Этот отрывок из тетради знакомого оказался единственным, детально рассказывающим о дне отъезда из России. Все остальное, уже о жизни за ее пределами, представляло краткие блокнотные записи о чувствах, мыслях и настроениях человека, силой обстоятельств оказавшегося вне отечества. Читать их было любопытно, но без объяснений автора почти невозможно представить последовательность событий, и многое казалось непонятным. Пришлось просить моего товарища часть записей прокомментировать. Так мы с ним и беседовали несколько дней подряд. Я вспоминал какой-нибудь эпизод из прочитанного, а он рассказывал.
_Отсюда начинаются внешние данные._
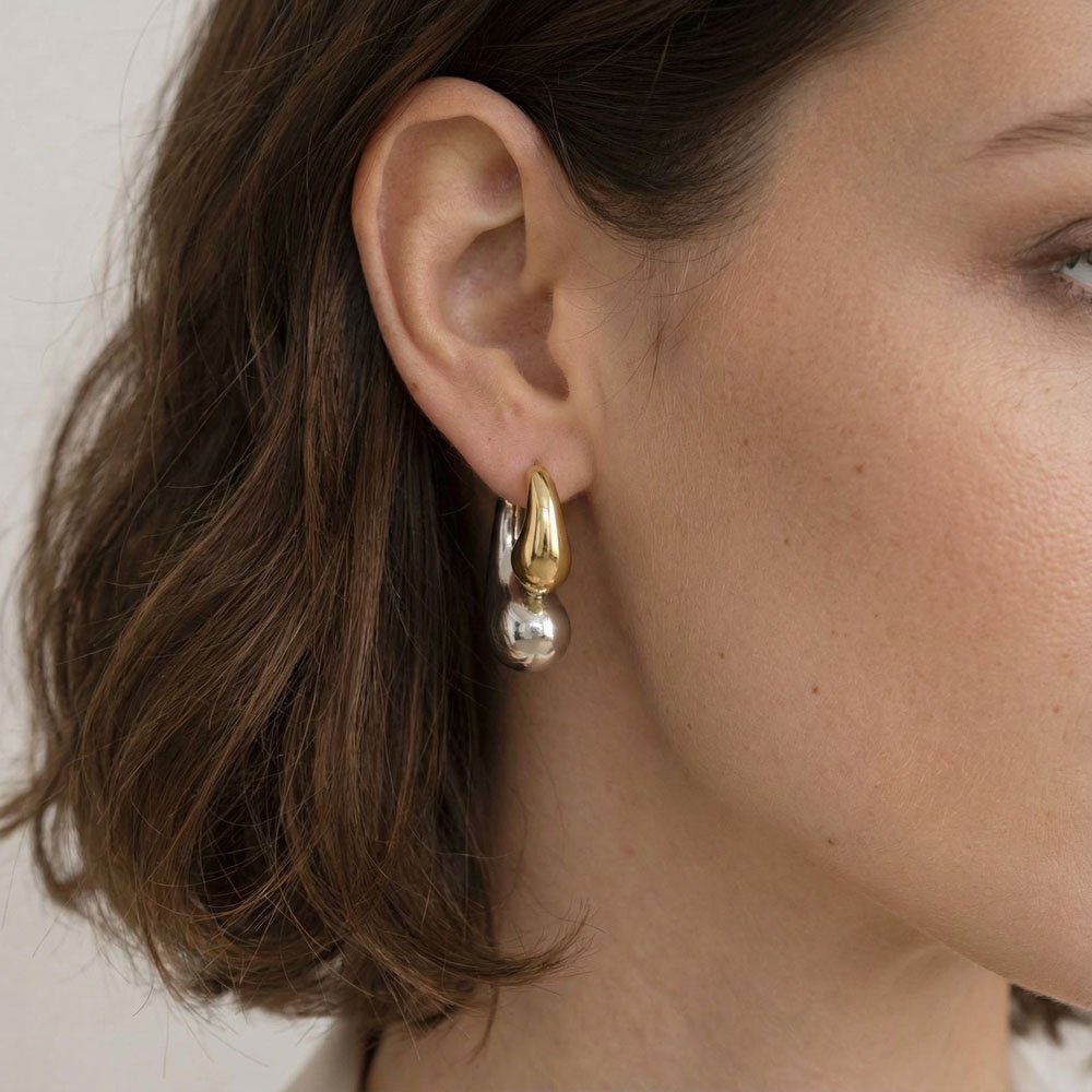 Τα σκουλαρίκια Double Tear της Coshe, σε διχρωμία χρυσού και ασημιού από ανοξείδωτο ατσάλι, ξεχωρίζουν με το μοντέρνο τους διπλό δάκρυ σχήμα που προσφέρει κομψότητα και φινέτσα. Ελαφριά και ανθεκτικά, φοριούνται άνετα όλη μέρα χωρίς να χάνουν τη λάμψη τους. Ιδανικά για βραδινές εξόδους αλλά και για να αναβαθμίσουν casual σύνολα, χαρίζοντας ένα διακριτικό αλλά εντυπωσιακό statement.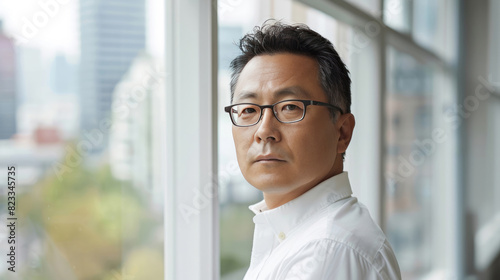 A middle-aged man in glasses and a white shirt is standing by the window of an office building, overlooking the cityscape outside.
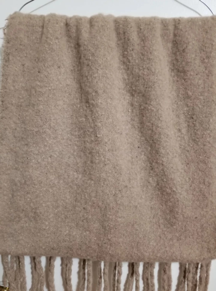Selling a cozy beige scarf with fringe detailing! It's in great condition and perfect for keeping warm on chilly days. The material feels soft and comfortable against the skin, making it a great accessory for any outfit.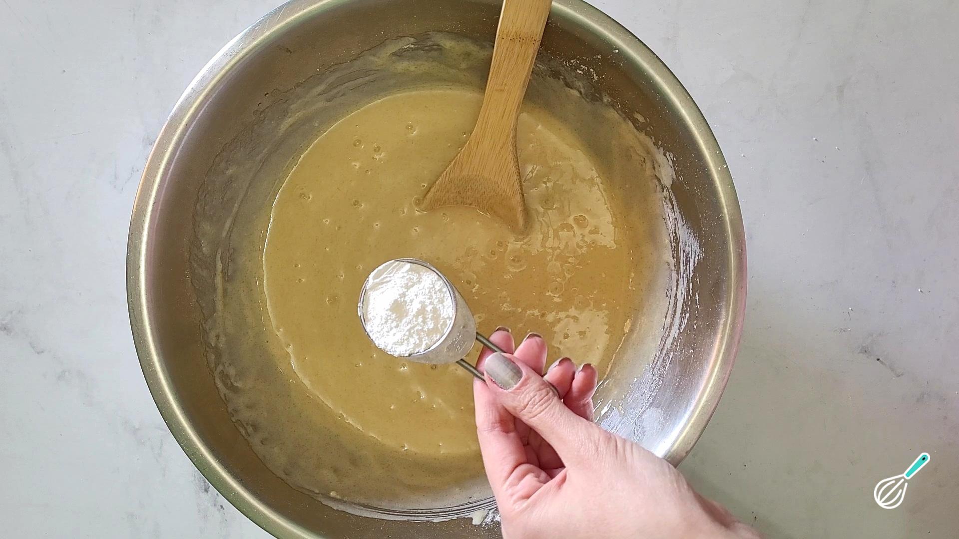 Adicione o fermento em pó e mexa delicadamente para incorporar.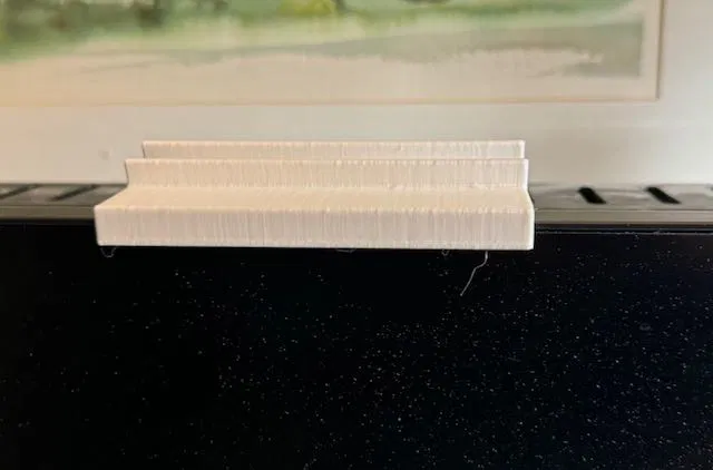 Kẹp đơn giản để giữ iPhone trên đỉnh màn hình. Kẹp này dành cho màn hình dày khoảng ~ 20 mm và có cạnh trước thẳng đứng. Tôi đã thêm 3 hình chữ nhật nhô lên 1 mm vào khe cắm để iPhone không bị cấn vào các nút cạnh bên.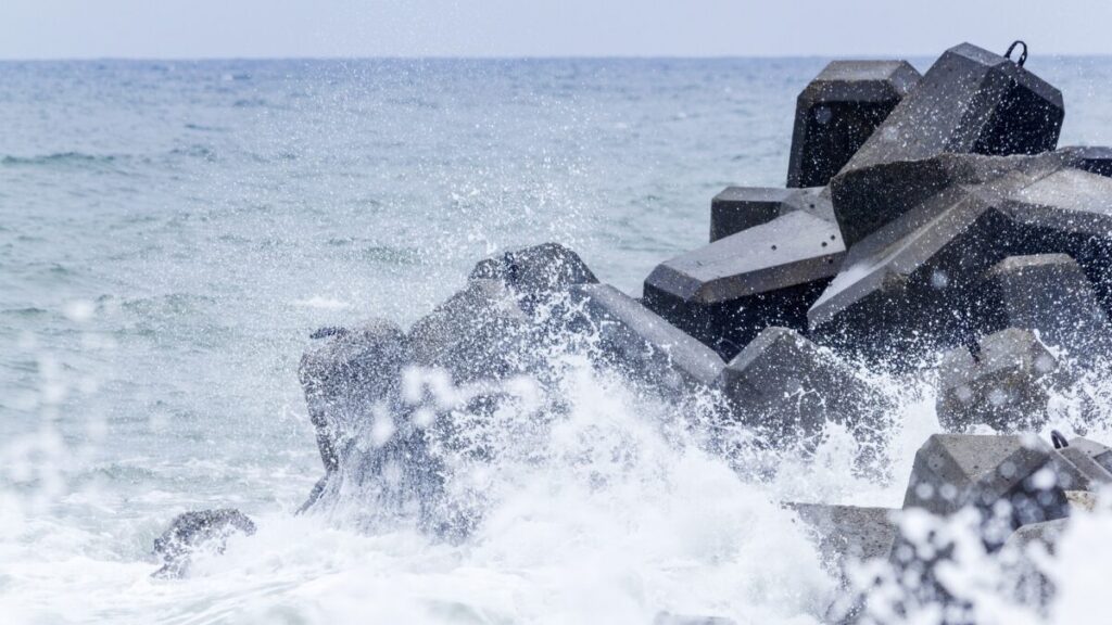 台風が接近すると海は大荒れになり、普段は穏やかな浜辺にも猛烈な高波が押し寄せます。防波堤を超える波が道路や建物に達し、破損や浸水を引き起こす可能性もあります。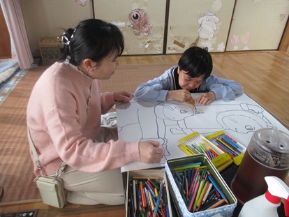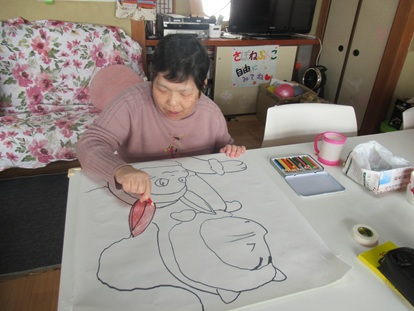 午前中は散歩に行かれる方と和室で巨大絵の色塗りをされる方で分かれていました。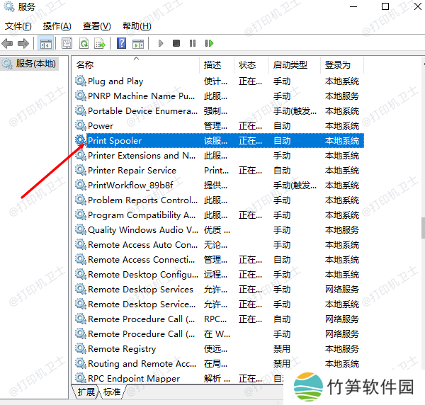 在Windows操作系统中,打印机服务可能没有正常启动,导致打印机处于脱机状态。按以下步骤检查: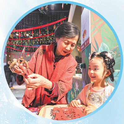 非遺文化展示區(qū),來自河南的吳豫琳小朋友兩手托腮,認真觀看黑龍江省級非遺代表性傳承人施麗華制作剪紙。“今年是蛇年,我就剪一條小蛇送給你吧!”施麗華笑著對吳豫琳說。剪刀開合,彩紙在施麗華手中快速翻轉,一條栩栩如生的“小蛇”很快出現在眼前。“謝謝奶奶,祝您元宵節(jié)快樂!”吳豫琳接過剪紙,甜甜地回應。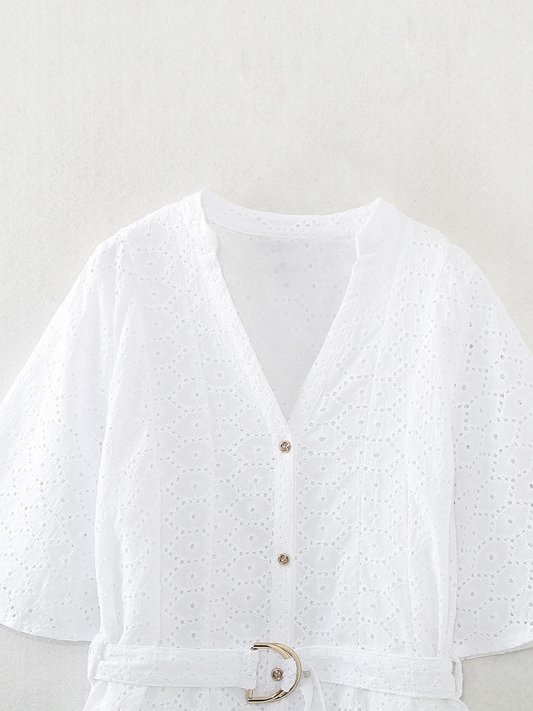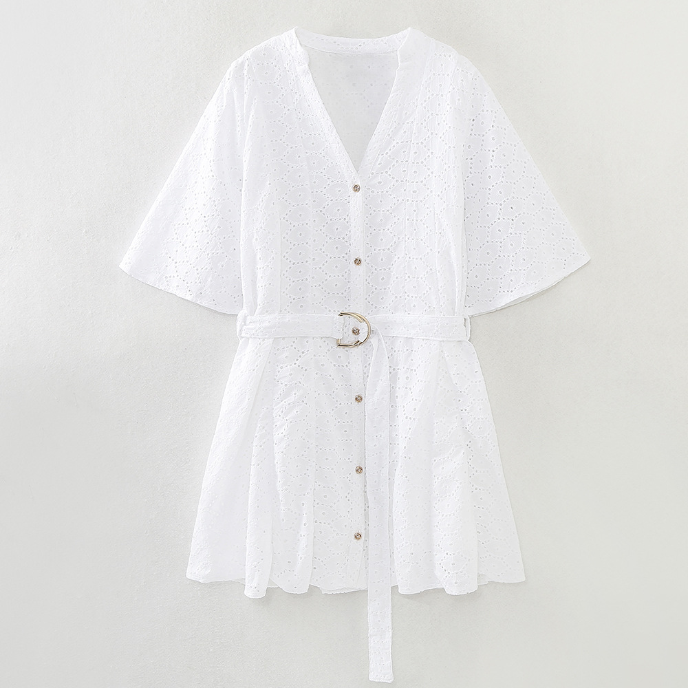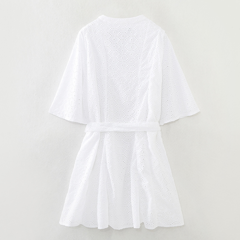 Yipinpay New Hollowed-Out Embroidery With Belt Mini Dress 8175960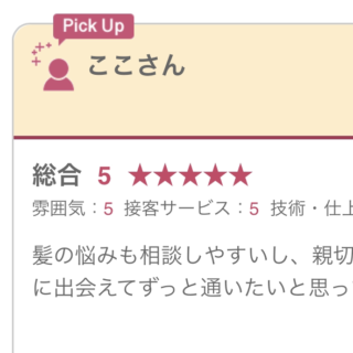 髪の悩みも相談しやすいし、親切で色々安心してお任せできる方に出会えてずっと通いたいと思ってます。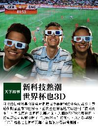 早在南非世界杯開幕之前,美國的ESPN公司和日本的索尼公司就都打起了“3D世界杯”的主意。以此為契機,“3D”概念在世界杯開幕之前就被炒得沸沸揚揚。除了美國和日本以外,意大利、韓國、墨西哥等地也都推出了3D影院,一時間,3D大旗插滿全球。
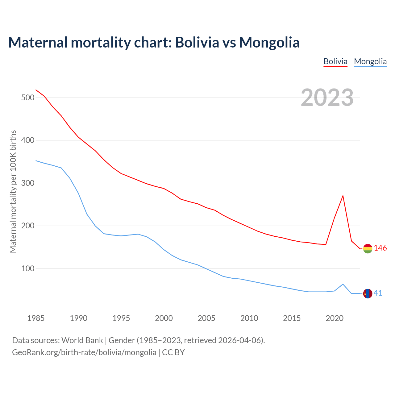 The maternal mortality rate, which is the probability of dying during childbirth or within 42 days of pregnancy termination, is 146 deaths per 100,000 live births in Bolivia, compared to 41 deaths in Mongolia.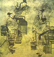 我國以茶為題材的古代繪畫,現(xiàn)存或有文獻記載的多為唐代以后的作品。如唐代的《調(diào)琴啜茗圖卷》;南宋劉松年的《斗茶圖卷》;元代趙孟俯的《斗茶圖》;明代唐寅的《事茗圖》,文征明的《惠山茶會圖》、《烹茶圖》,丁云鵬的《玉川煮茶圖》;等等。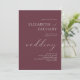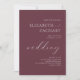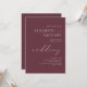 Diese einfache, elegante Einladung enthält das Wort "Hochzeit" in einem stilvollen weißen Skript. Personalisieren Sie sie mit den Namen der Braut und des Bräutigams in weißen Serif-Hauptstädte (verbunden mit dem Wort "und" im Skript, das "Hochzeit") und den restlichen Text in Kleinbuchstaben weiß kursiv auf einem burgundischen Hintergrund.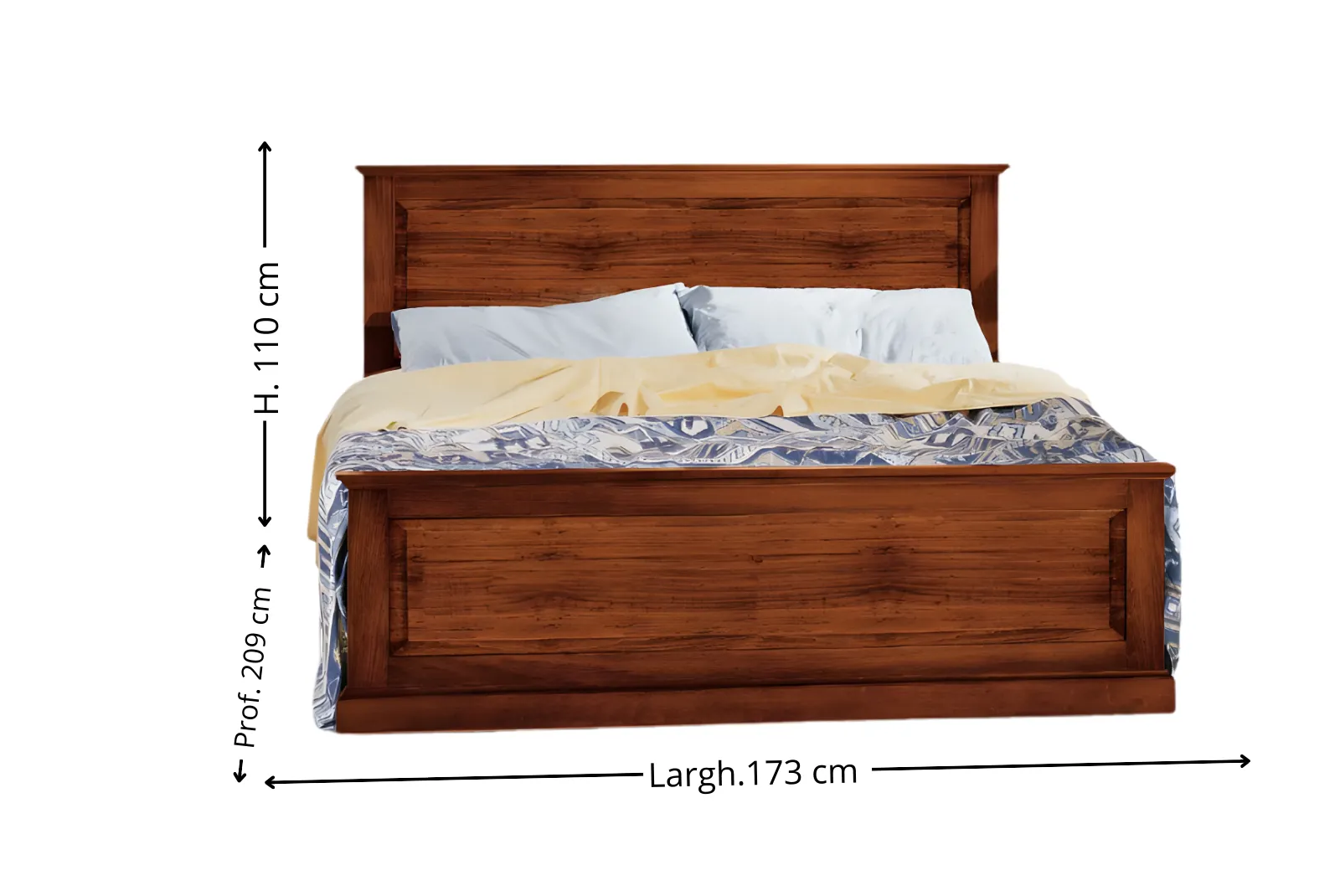 - Dimensioni: Larghezza 173 – Profondità 209 – H. Testiera 110 – H. Pediera 61 cm
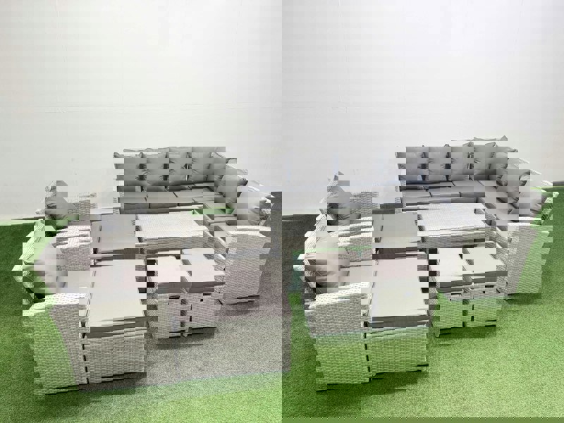 The Fimous Rattan Garden Furniture Set is a 9-piece outdoor seating arrangement designed to add a refined finish to your courtyard, deck, backyard, porch or poolside. With flexible layout options, it can be combined into different configurations to suit your space and the occasion.

Иногда подробно и подолгу, а иногда отмахивался – неважно, мол, особенно когда речь шла о личной жизни близких. Я не настаивал. А некоторые строки в комментариях не нуждались. Что можно добавить к таким, например, словам, бросившимся в глаза где-то в середине одной из его записных книжек: «Я лучше бы дома тосковал о зарубежных странах» или: «Никогда не стану я частью этого государства и никогда не буду крепок этим чувством здесь». Чем больше мы говорили с ним, тем сильнее я укреплялся в своем впечатлении, что собеседнику моему важно было убедить прежде всего себя в том, что, вернувшись в Россию, он поступил правильно, а тот отъезд был непростительной ошибкой.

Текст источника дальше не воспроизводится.